Den Namen kenne ich leider nicht mehr aus dem Kopf aber wie gesagt, morgen werde ich mir die wahrscheinlich kaufen und berichten.


----------



## Guppyfreund (3. November 2007)

*AW: Entscheidungshilfe für Brandungsruten*

Ich hab mich jetzt für die Spro entschieden, da ich die Cormoran nicht in die Hand nehmen konnte.

100-200g, große *Fuji* Sic Ringe, dicker Endring, leichte Kohlefaser, schwingt nicht aus hat aber trotzdem eine feine Spitze und ein hartes Rückrad, super Griffteil.

Hier ein paar Fotos:

http://img521.*ih.us/img521/313/bild001ji5.th.jpg

http://img521.*ih.us/img521/8195/bild002mc1.th.jpg

http://img521.*ih.us/img521/6308/bild003nu8.th.jpg


----------



## ostsee_wurm23 (3. November 2007)

*AW: Entscheidungshilfe für Brandungsruten*

@Guppyfreund
Gratulation zu deinen neuen Stöcken! Die hast du aber sicherlich gebraucht gekauft oder wie? Hab keine Infos im Netz zu diesen Ruten gefunden. Berichte mal, wenn du sie eingesetzt hast.


----------



## Guppyfreund (3. November 2007)

*AW: Entscheidungshilfe für Brandungsruten*

Hab sie bei Fishermanns Partner in Flensburg gekauft, der hat sie erst seit letzten Monat im Sortiment.

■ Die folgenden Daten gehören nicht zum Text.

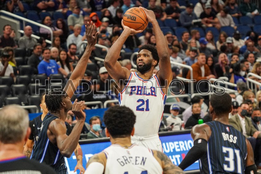 Orlando, Florida, USA, December 30, 2021, Philadelphia 76ers Center Joel Embiid #21 shoots a three point at the Amway Center. (Photo Credit: Marty Jean-Louis)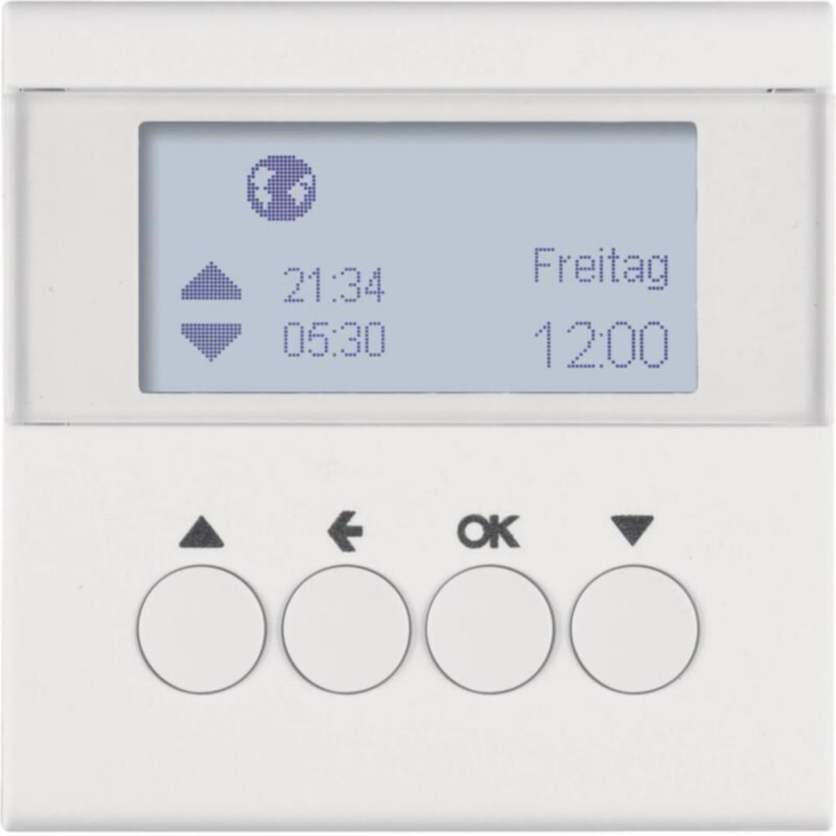 Verhokellokytkinkeskiö digitaalisella näytöllä moottoroitujen rulla- ja säleverhokojeiden ajastetuun ohjaukseen.

War gerade in Quelletal probewerfen, konnte einfach nicht bis morgen abwarten: 170g mit 0.33er mono ~110m gegen Wind. Hätte ich mit meinen alten Knüppeln nicht geschafft, bin also ganz zufrieden.
Hab die Weite an der wechselnden Farbe der Schnur abgelesen. 

Ich habe sie auch noch nicht voll durchgezogen weil eine so leichte Rute und der dünne Blank für mich total ungewohnt ist...

Konnte sie auch nicht im Netz finden, scheint aber ein neues Modell zu sein. Denk mal an die Fuji Ringe und das für ~100€!

Morgen kommt dann der Härtetest auf Ärö! Bericht folgt!


----------